The panel is inquiring about whether or not Mr. Gaetz “engaged in sexual misconduct and illicit drug use, accepted improper gifts, dispensed special privileges and favors to individuals with whom he had a personal relationship, and sought to obstruct government investigations of his conduct.”
Speculation about Mr. Gaetz’s involvement with such a sexual misconduct scheme first kicked off when his friend and political ally Joel Greenberg was arrested on charges of facilitating and participating in a sex trafficking operation. In 2021, Greenberg cooperated with the federal investigation and pleaded guilty to six charges, including sex trafficking a minor.
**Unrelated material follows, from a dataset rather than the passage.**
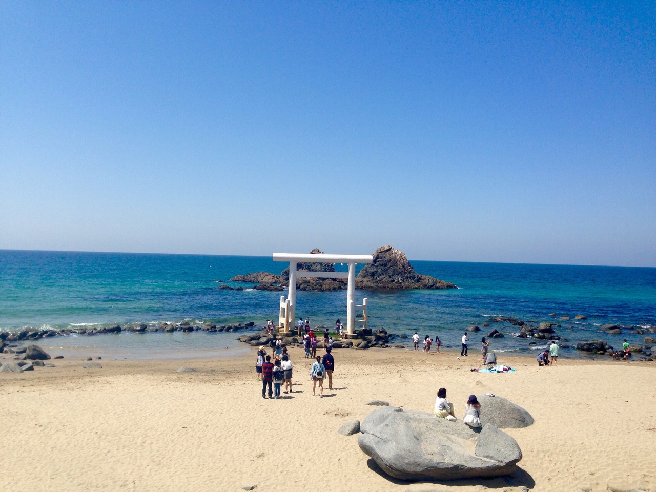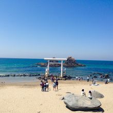 青い海に真っ白な鳥居が映えていてとても爽やかな景色が広がっていました。

He is serving an 11-year prison sentence.
In a statement Tuesday, they disclosed that they have issued 25 subpoenas as part of the investigation, spoken with more than a dozen witnesses, and reviewed “thousands of pages of documents.”
The committee said on Tuesday that their probe would be expanded to cover additional, undisclosed issues. “Based on its review to date, the Committee has determined that certain of the allegations merit continued review. During the course of its investigation, the Committee has also identified additional allegations that merit review.”
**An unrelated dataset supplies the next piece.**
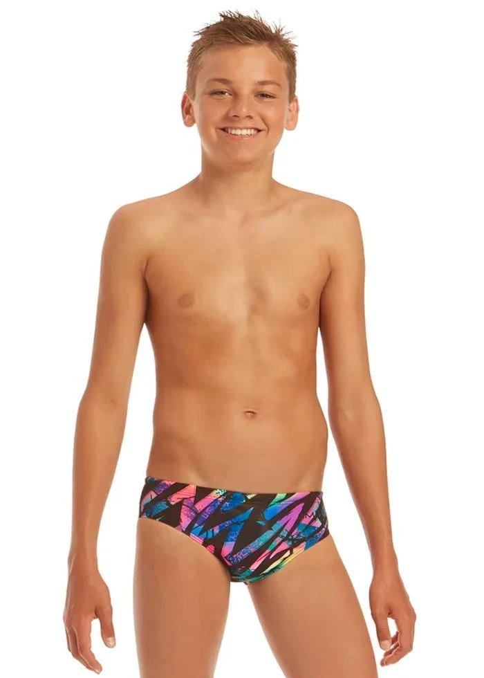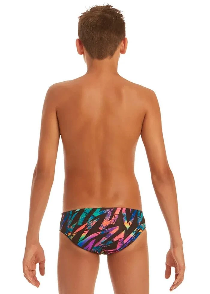 The new boy’s AMANZI Liquid Storm swimming briefs are the perfect choice for regular pool use, they feature flashes of neon reds, purples and greens against a black base.

Mr. Gaetz has denied any wrongdoing and has refused to cooperate with the panel’s investigation. In a statement to the Wall Street Journal, Mr. Gaetz says the investigations into his conduct “emerged from lies intended solely to smear me.” He says that the Ethics Committee is “now opening new frivolous investigations” and is “doing this to avoid the obvious fact that every investigation into me ends the same way: my exoneration.”
The committee has been investigating Mr. Gaetz since 2021 for the alleged sexual misconduct, but suspended their inquiry after the Justice Department asked to take the lead on the investigation. When the DOJ decided against charging the congressman with any criminal violations, the Ethics Committee resumed their probe.
The ten-member Ethics Committee defended its probe of Mr. Gaetz on Tuesday, saying that press attention will not deter them from finding the truth.
“There has been a significant and unusual amount of public reporting on the Committee’s activities this Congress. Much of that reporting has been inaccurate,” the Ethics Committee, an unusually bipartisan, secretive panel, said in their statement. “The Committee is confident in the integrity of its process.”
Criticisms of Mr. Gaetz abounded after he made dozens — if not hundreds — of enemies in Congress after leading the effort to oust Speaker McCarthy from his position. Senator Mullin, who served in the House with Mr. Gaetz for six years, was one of the most aggressive GOP lawmakers in going after the Florida lawmaker.
In October — just days after Mr. McCarthy was removed as speaker by Mr. Gaetz and seven other Republicans — Mr. Mullin claimed to have firsthand knowledge of Mr. Gaetz’s rule violations, including sharing photos and videos of naked women on the House floor with fellow lawmakers.
“There’s a reason no one in the [Republican] conference came and defended him” from the sexual misconduct allegations, Mr. Mullin said of his former colleague. “We had all seen the videos he was showing on the House floor … of all the girls he had slept with.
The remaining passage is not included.